* [Records supplied]:

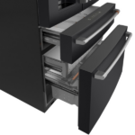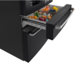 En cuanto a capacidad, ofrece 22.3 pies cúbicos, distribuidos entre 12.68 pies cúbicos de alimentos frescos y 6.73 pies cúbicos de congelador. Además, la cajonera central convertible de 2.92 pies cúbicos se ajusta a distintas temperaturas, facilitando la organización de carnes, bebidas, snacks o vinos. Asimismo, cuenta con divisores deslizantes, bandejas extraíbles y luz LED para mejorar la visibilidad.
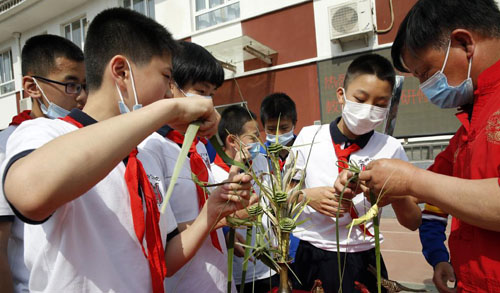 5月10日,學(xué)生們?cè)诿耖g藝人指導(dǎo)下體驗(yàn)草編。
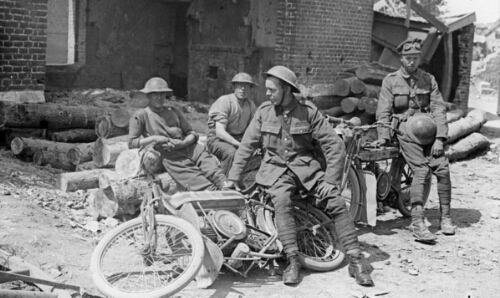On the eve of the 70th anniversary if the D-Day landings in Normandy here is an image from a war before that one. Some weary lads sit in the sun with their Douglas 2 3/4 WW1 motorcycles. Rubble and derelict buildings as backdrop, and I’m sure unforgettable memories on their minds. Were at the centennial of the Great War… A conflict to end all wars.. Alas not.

...

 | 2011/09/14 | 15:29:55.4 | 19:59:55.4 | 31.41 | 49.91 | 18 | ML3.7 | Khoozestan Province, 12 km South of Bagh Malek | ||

* [Work required]:
Reproduce the data above exactly, but only from the line containing "En cuanto a" through the line containing "On the eve of". Omit all pictures.

* [Solution for this exercise]:
 En cuanto a capacidad, ofrece 22.3 pies cúbicos, distribuidos entre 12.68 pies cúbicos de alimentos frescos y 6.73 pies cúbicos de congelador. Además, la cajonera central convertible de 2.92 pies cúbicos se ajusta a distintas temperaturas, facilitando la organización de carnes, bebidas, snacks o vinos. Asimismo, cuenta con divisores deslizantes, bandejas extraíbles y luz LED para mejorar la visibilidad.
 5月10日,學(xué)生們?cè)诿耖g藝人指導(dǎo)下體驗(yàn)草編。
On the eve of the 70th anniversary if the D-Day landings in Normandy here is an image from a war before that one. Some weary lads sit in the sun with their Douglas 2 3/4 WW1 motorcycles. Rubble and derelict buildings as backdrop, and I’m sure unforgettable memories on their minds. Were at the centennial of the Great War… A conflict to end all wars.. Alas not.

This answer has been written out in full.